Reconstitution of the binding of α-actinin to VPMs in the absence of F-actin. VPMs were incubated for 10 min in low-ionic-strength buffer containing 4 μM gelsolin at high [Ca2+] (A–F, I, and L), or low [Ca2+] (G, H, J, and K). The samples were further incubated at 37°C in a buffer with high [Ca2+] (A–F, I, and L), or low [Ca2+] (G, H, J, and K). (C, F, H, I, K, and L) The second incubation was in the presence of purified α-actinin, as detailed in MATERIALS AND METHODS. Membranes were then washed and fixed for immunofluorescence. For low [Ca2+]-induced α-actinin redistribution (I and L), after the second incubation at 37°C for 10 min with α-actinin in high [Ca2+]-containing buffer, the samples were immediately transferred to low [Ca2+]-containing buffer and incubated for 10 min at 37°C to induce integrin redistribution along ECM fibrils before fixation. (A–C and G–I) Integrin distribution, by using the β1-cyto polyclonal antibody. (E, F, and J–L) Localization of α-actinin with the specific mAb. (D) F-actin localization with TRITC-phalloidin. Same fields are shown in A and D, B and E, C and F, G and J, H and K, and I and L. Bar, 10 μm.

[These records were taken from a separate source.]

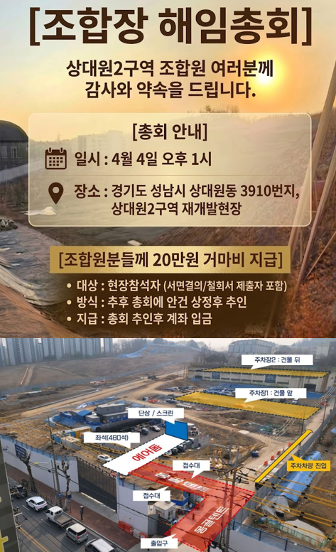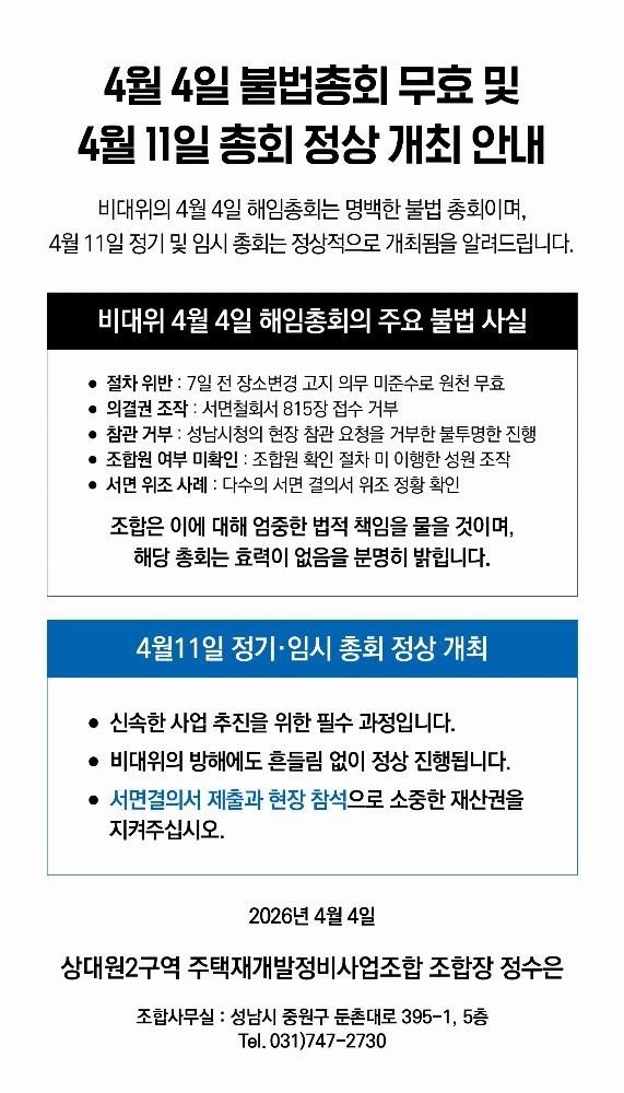 안녕하세요. 신흥1구역 재개발사업 주민대표회의입니다. 금번 감정평가 및 권리자 분양과 관련하여, 그간 주민대표회의가 추진해 온 주요 성과와 함께 아래와 같이 안내드립니다. 1. 감정평가 통지 일정 감정평가 통지서는 2026년 4월 넷째주 경 개별 발송될 예정입니다. 이는 개별 통지에 따른 책자 제작, 인쇄 및 검수 등 행정 절차에 따른 불가피한 소요 기간, 권리자분양가 등의 변동이 반영된 것입니다. ※ 첨부 예정: 감정평가 통지서, 권리자 분양 안내문 2. 권리자 분양 안내 책자 주요 내용 분양신청 공고문 및 절차 안내 사업시행인가 기준 분양대상 자산 내역 아파트 및 상가 분양가격 추산액 배치도 및 단위세대 평면도 등 3. 감정평가 결과 개요 금번 감정평가 결과는 면적당 기준 약 4.82% 상승으로, 동기간 지가 상승률(약 3.12%)을 상회하는 수준으로 확인되었습니다. 4. 고도제한 완화 및 설계변경 추진 (핵심 업적) 주민대표회의는 단순한 사업 진행에 그치지 않고, 사업성 극대화를 위한 제도 변화 대응에 선제적으로 나서 왔습니다. 그 결과, 최근 개정된 「군사기지 및 군사시설 보호법 시행령」에 따른 고도제한 완화 흐름을 즉시 반영하여 우리 구역 설계에 적용을 추진 중이며, 이를 통해 기존에는 불가능했던 층수 완화가 현실적으로 가능해지는 단계에 진입하였습니다. 이는 외부 환경 변화에 수동적으로 대응한 것이 아니라, 주민대표회의가 방향을 선도하여 만들어낸 실질적인 성과입니다. 5. 용적률 인센티브 확보 (직접적 성과) 또한 주민대표회의는 재개발 연합회와의 긴밀한 협력 및 지속적인 의견 개진을 통해 성남시 용적률 인센티브 제도 개선 과정에 적극적으로 참여해 왔으며, 그 결과 층간소음 저감 설계 녹지 확보 확대 주차장 기준 완화 등을 통한 추가 용적률 확보가 가능한 구조를 현실화하였습니다. 이는 단순한 정책 변화가 아니라, 실제 사업성에 직결되는 핵심적인 성과입니다. 6. 사업성 대폭 개선 예상 (결과) 상기와 같은 층수 완화 + 용적률 증가가 동시에 반영될 경우, 일반분양 물량 증가로 이어지며 수천억 원 규모의 추가 수익 창출이 예상됩니다. 이는 일반적인 사업 추진 과정에서는 확보하기 어려운 수준의 성과로, 현재 신흥1구역이 확보한 경쟁력의 핵심입니다. 7. 왜곡 및 폄하에 대한 입장 그럼에도 불구하고 일부에서는 이와 같은 성과를 의도적으로 축소하거나, 초기 감정평가 결과만을 근거로 “사업이 어렵다”는 등의 왜곡된 정보를 유포하며 토지등소유자의 불안을 조장하는 사례가 발생하고 있습니다. 이는 사업의 전체 구조와 향후 변화를 전혀 반영하지 않은 주장으로, 주민 여러분께서는 이에 현혹되지 않으시길 당부드립니다. 특히, 타 구역 사례와 같이 권리자 분양가는 충분히 조정 가능성이 있으며, 현재 인근 입주권 실거래가 또한 전용 59㎡ 약 15.5억 원 전용 84㎡ 약 17.8억 원 수준으로 형성되고 있는 점을 고려할 필요가 있습니다. 단순 추정치에 따른 일시적인 평가보다는 사업 전체 흐름과 결과를 기준으로 판단해 주시기 바랍니다. 8. 향후 계획 및 의지 주민대표회의는 단순한 관리 역할을 넘어 실질적인 사업성 개선과 조합원 이익 극대화를 목표로 지속적으로 성과를 만들어 왔으며, 앞으로도 설계변경 및 사업 전반에 있어 토지등소유자의 권익 보호를 최우선으로 하여 결과로 증명하는 추진을 이어가겠습니다. 권리자 분양가 관련 공지는 곧 공지하여드리겠습니다.
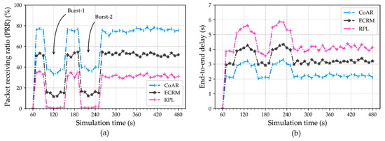 In Figure 12a, we observe that the adaptation capability of CoAR is higher than that of other approaches. Along with ensuring steady flow under low traffic loads, the CoAR is able to retain higher reliability (the packet receiving rate at root node) than ECRM and RPL even at bursty traffic durations. CoAR can effectively tolerate the burst because of its efficient congestion detection scheme and queue monitoring policy. As shown in the figure, we can note that the improved reliability of the CoAR is highlighted in terms of receiving packet rate at the time of two bursts (100~150 s, 200~250 s interval). This superior performance can be attributed to mainly, CoA-OF and adaptive congestion detection scheme. When the event occurs, the sensing node injects heavy traffic in the network and the queue occupancy of the parent increase sharply. As RPL does not have an efficient scheme to handle a large number of burst packets well, the packets are backlogged at the parent node in a very short interval. Therefore, RPL enters in an overloaded condition, which results in queue loss and delay hence the performance degrades. The ECRM is prone to congestion situation due to static congestion detection scheme and consecutive buffer overflow-based parent change policy, resulting in degraded network performance. Thus, dynamic traffic arrival, which is often a common phenomenon in industrial monitoring IoT application, can be better addressed and accommodated by our proposed scheme.
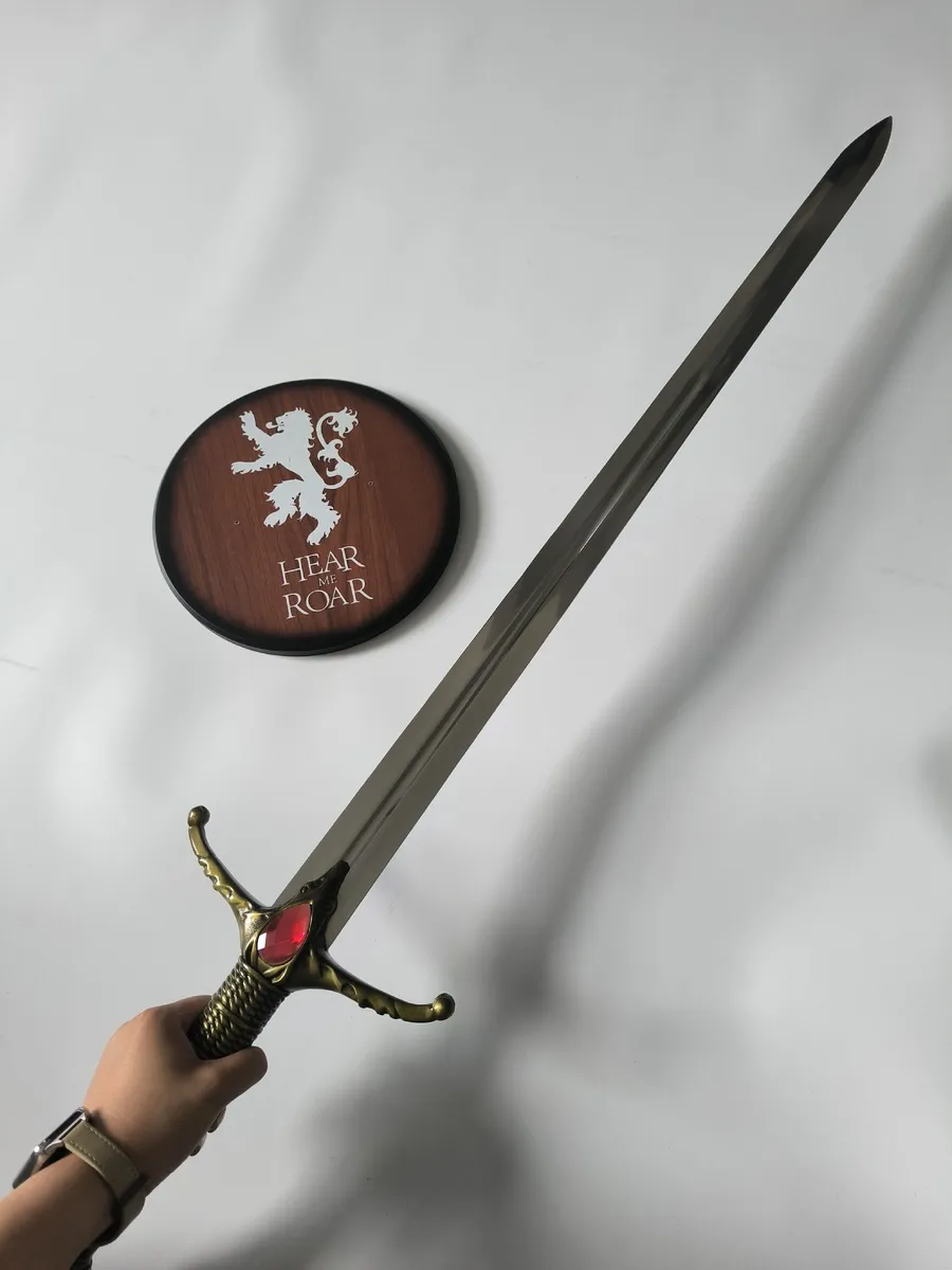 Game of Thrones Joffrey Baratheon's Widow's Wail Sword with Wall Plaque – a remarkable replica of the sword once wielded by King Joffrey Baratheon in Game of Thrones. This elegant and intricately detailed sword is perfect for collectors and fans of the series, capturing the regal design of the infamous weapon.
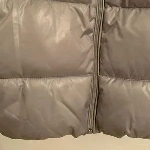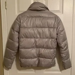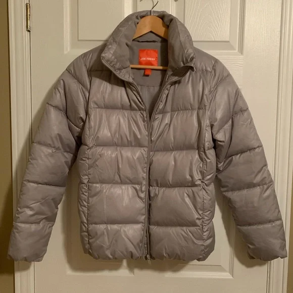 Joe Fresh puffer jacket. Silver. Size XS. Worn a handful of times. Slight imperfection near front zipper — visible in photo 4 and 5.
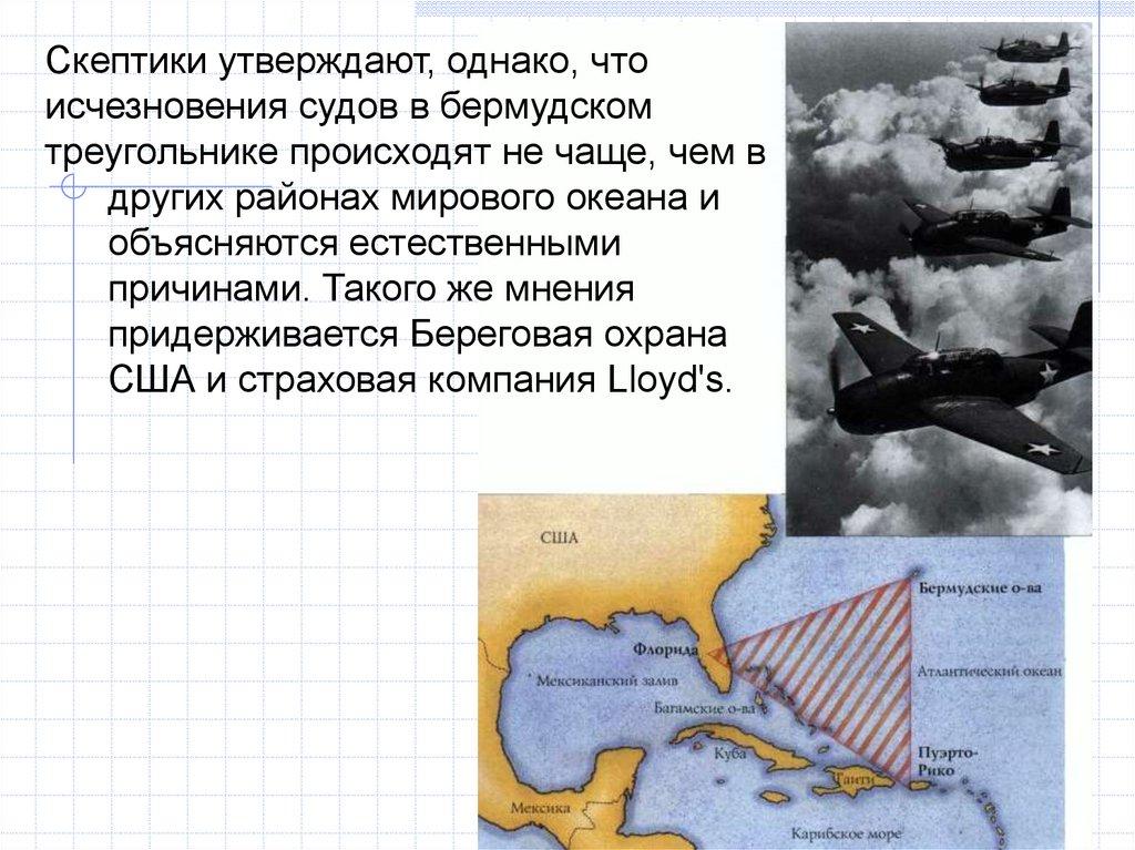 Скептики утверждают, однако, чтоисчезновения судов в бермудском

Treatment of VPMs at 37°C with gelsolin at low [Ca2+] resulted also in complete removal of the endogenous α-actinin (Figure 9J), and further incubation with purified α-actinin at low [Ca2+] resulted in a fibrillar staining (Figure 9K), which overlapped with the staining for the β1 receptors (Figure 9H). Moreover, binding of exogenous α-actinin to gelsolin-treated VPMs at high [Ca2+], followed by incubation at 37°C at low [Ca2+] in the absence of the exogenous protein, resulted in the redistribution of both prebound α-actinin and integrins along ECM fibrils (Figure 9, I and L).

These data provide evidence for the reconstitution of the binding of a focal adhesion component to β1 receptors in VPMs. Moreover, the [Ca2+]-induced modulation of the distribution of partially reconstituted adhesive complexes under cell-free conditions illustrates the possibility of using this system for further reconstitution studies.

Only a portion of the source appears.